• [TASK PROMPT]
What are the lines, word for word, from the line with "Ответ на задание" up to and including the line with "A female grizzly" in the records below? Omit the pictures.

• [SUPPLIED RECORDS]
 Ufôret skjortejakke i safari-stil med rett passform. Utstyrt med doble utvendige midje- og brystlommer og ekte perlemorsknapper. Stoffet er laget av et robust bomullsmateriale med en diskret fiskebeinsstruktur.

* * *

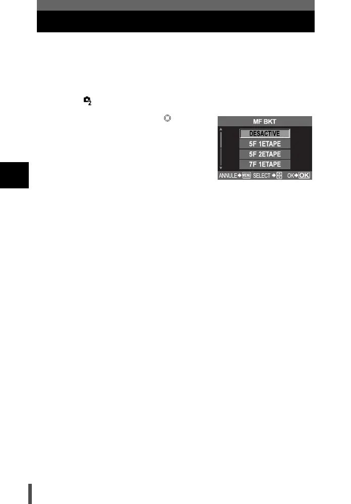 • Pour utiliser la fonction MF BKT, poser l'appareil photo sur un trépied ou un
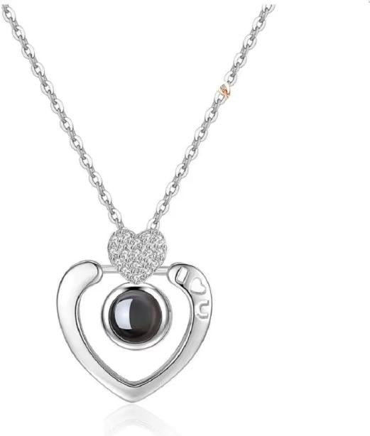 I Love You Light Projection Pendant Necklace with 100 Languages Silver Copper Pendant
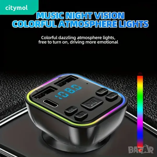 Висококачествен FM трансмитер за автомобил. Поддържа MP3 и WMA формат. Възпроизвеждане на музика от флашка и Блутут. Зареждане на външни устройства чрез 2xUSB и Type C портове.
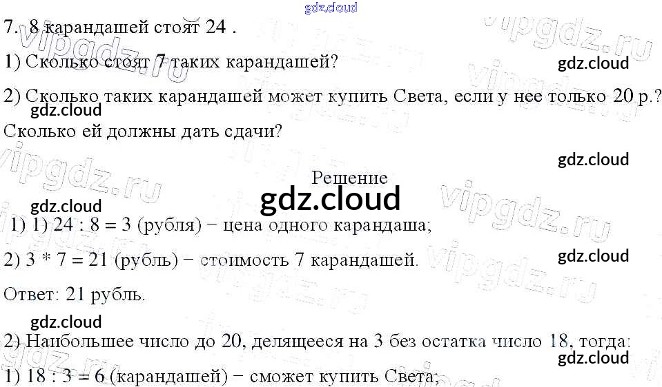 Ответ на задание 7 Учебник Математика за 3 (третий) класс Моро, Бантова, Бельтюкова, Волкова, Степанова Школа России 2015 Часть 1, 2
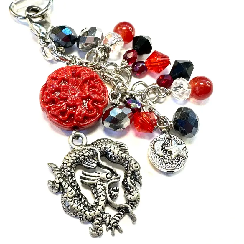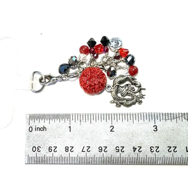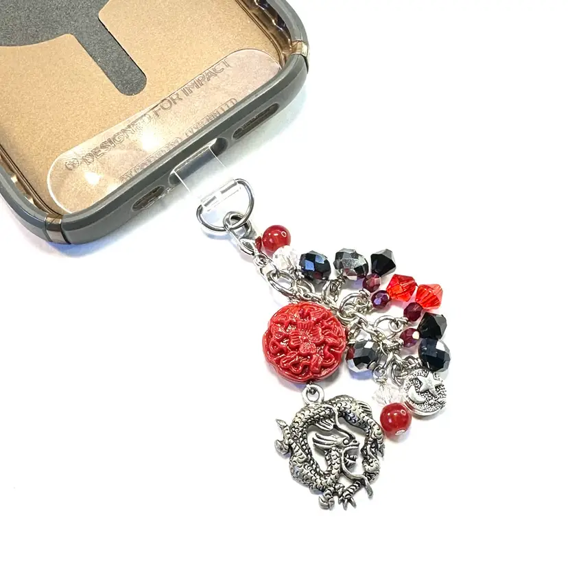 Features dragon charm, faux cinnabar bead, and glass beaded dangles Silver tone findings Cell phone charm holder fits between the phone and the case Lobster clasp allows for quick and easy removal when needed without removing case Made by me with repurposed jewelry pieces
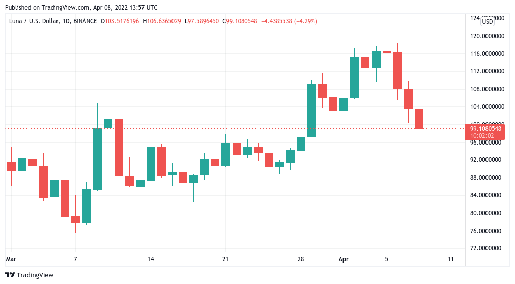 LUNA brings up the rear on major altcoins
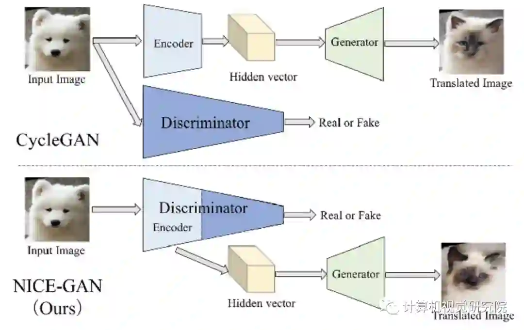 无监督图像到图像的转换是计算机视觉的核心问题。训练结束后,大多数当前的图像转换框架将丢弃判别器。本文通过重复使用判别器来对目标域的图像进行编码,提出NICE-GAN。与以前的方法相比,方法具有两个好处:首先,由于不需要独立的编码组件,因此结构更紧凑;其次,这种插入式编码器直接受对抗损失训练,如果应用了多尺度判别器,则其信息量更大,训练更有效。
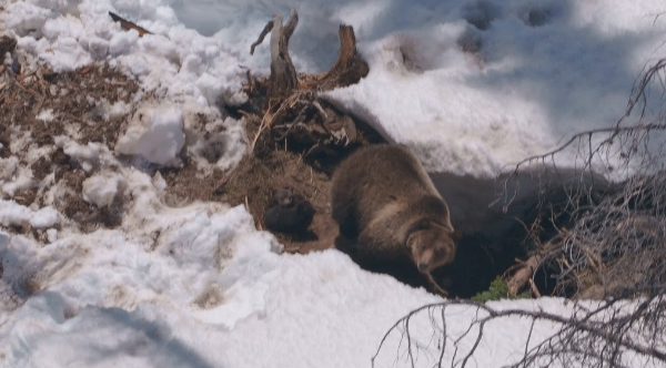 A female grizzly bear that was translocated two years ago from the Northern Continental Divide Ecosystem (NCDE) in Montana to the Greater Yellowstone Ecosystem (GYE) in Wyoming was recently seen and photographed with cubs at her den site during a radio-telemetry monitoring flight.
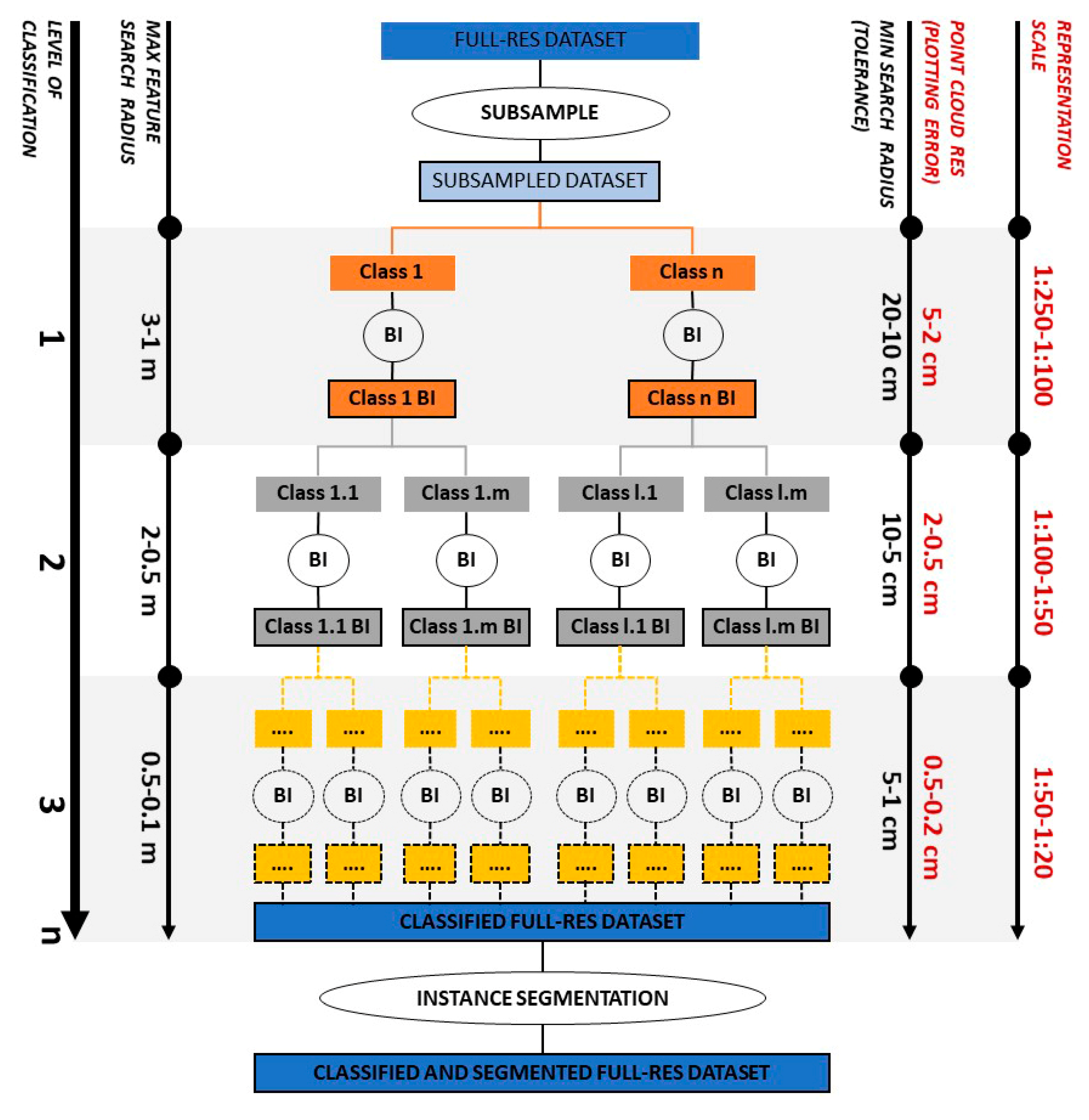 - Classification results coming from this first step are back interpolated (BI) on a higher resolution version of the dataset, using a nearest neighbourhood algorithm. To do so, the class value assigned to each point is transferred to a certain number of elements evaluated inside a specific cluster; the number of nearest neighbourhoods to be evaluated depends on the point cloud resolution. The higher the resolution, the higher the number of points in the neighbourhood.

• [ANSWER]
 Ответ на задание 7 Учебник Математика за 3 (третий) класс Моро, Бантова, Бельтюкова, Волкова, Степанова Школа России 2015 Часть 1, 2
 Features dragon charm, faux cinnabar bead, and glass beaded dangles Silver tone findings Cell phone charm holder fits between the phone and the case Lobster clasp allows for quick and easy removal when needed without removing case Made by me with repurposed jewelry pieces
 LUNA brings up the rear on major altcoins
 无监督图像到图像的转换是计算机视觉的核心问题。训练结束后,大多数当前的图像转换框架将丢弃判别器。本文通过重复使用判别器来对目标域的图像进行编码,提出NICE-GAN。与以前的方法相比,方法具有两个好处:首先,由于不需要独立的编码组件,因此结构更紧凑;其次,这种插入式编码器直接受对抗损失训练,如果应用了多尺度判别器,则其信息量更大,训练更有效。
 A female grizzly bear that was translocated two years ago from the Northern Continental Divide Ecosystem (NCDE) in Montana to the Greater Yellowstone Ecosystem (GYE) in Wyoming was recently seen and photographed with cubs at her den site during a radio-telemetry monitoring flight.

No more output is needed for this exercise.